[Your instructions]
Your answer must be the exact lines of the listing below that run from the line with "Leder, Kunststoff uvm" to the line with "물속에서 하얀 뿌리가", ends included, and no pictures.

[Materials provided]
···

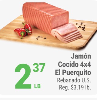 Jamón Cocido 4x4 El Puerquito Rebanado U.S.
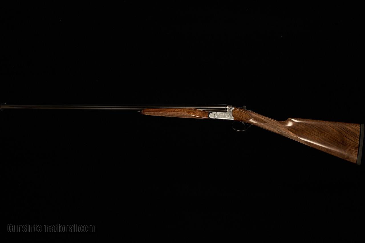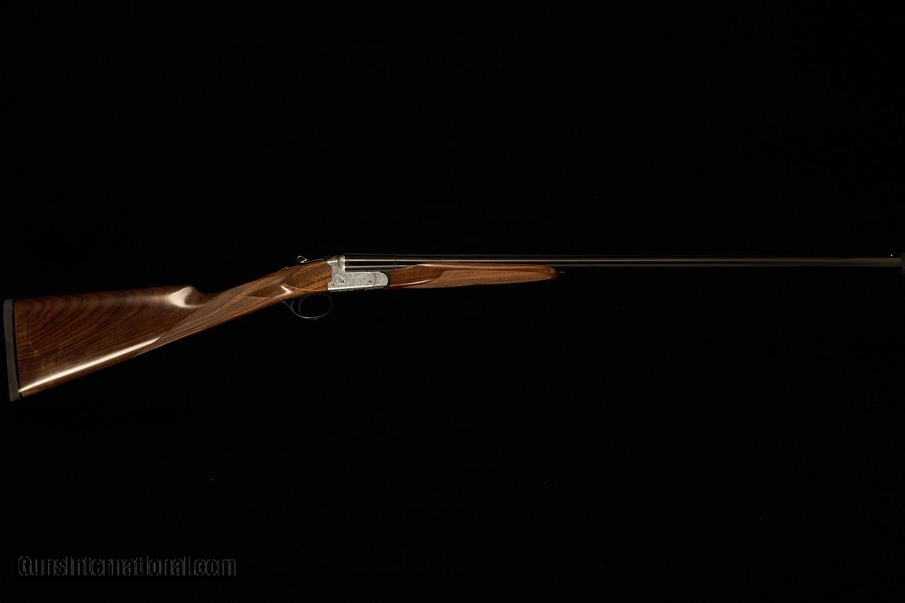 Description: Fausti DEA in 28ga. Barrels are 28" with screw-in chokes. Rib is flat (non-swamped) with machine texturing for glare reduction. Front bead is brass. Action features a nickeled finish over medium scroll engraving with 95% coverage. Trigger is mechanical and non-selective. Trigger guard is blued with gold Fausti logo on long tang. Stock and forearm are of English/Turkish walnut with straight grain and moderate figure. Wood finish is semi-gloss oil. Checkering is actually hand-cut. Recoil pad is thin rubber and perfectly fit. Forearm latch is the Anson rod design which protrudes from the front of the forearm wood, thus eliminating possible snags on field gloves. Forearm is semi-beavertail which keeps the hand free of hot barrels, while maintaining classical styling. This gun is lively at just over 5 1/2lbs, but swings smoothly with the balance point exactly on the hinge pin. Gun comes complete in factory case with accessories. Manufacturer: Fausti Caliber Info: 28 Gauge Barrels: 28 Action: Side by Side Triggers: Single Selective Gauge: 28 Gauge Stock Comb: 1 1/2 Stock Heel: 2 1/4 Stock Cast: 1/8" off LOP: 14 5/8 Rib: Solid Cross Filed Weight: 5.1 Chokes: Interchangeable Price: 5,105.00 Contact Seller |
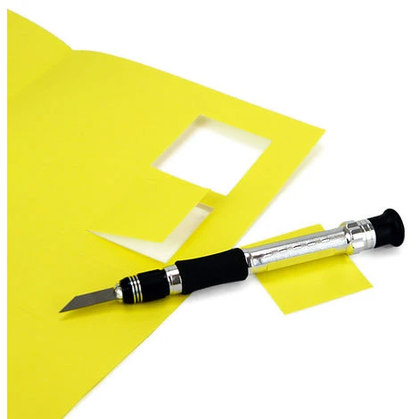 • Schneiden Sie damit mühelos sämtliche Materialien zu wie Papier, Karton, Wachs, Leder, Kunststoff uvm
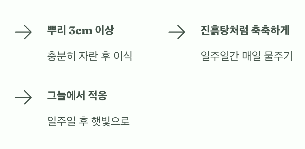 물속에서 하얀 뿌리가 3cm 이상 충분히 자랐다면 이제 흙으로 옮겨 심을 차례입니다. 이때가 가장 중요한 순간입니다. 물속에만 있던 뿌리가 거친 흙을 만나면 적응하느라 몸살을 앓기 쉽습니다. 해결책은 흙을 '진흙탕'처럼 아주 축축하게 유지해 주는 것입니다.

···

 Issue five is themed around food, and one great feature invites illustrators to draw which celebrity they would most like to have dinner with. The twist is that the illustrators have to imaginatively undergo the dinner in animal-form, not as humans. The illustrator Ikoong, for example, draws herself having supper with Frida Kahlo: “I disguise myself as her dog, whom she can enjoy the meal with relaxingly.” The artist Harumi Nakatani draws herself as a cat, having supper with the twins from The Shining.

···

[Answer below]
 • Schneiden Sie damit mühelos sämtliche Materialien zu wie Papier, Karton, Wachs, Leder, Kunststoff uvm
 물속에서 하얀 뿌리가 3cm 이상 충분히 자랐다면 이제 흙으로 옮겨 심을 차례입니다. 이때가 가장 중요한 순간입니다. 물속에만 있던 뿌리가 거친 흙을 만나면 적응하느라 몸살을 앓기 쉽습니다. 해결책은 흙을 '진흙탕'처럼 아주 축축하게 유지해 주는 것입니다.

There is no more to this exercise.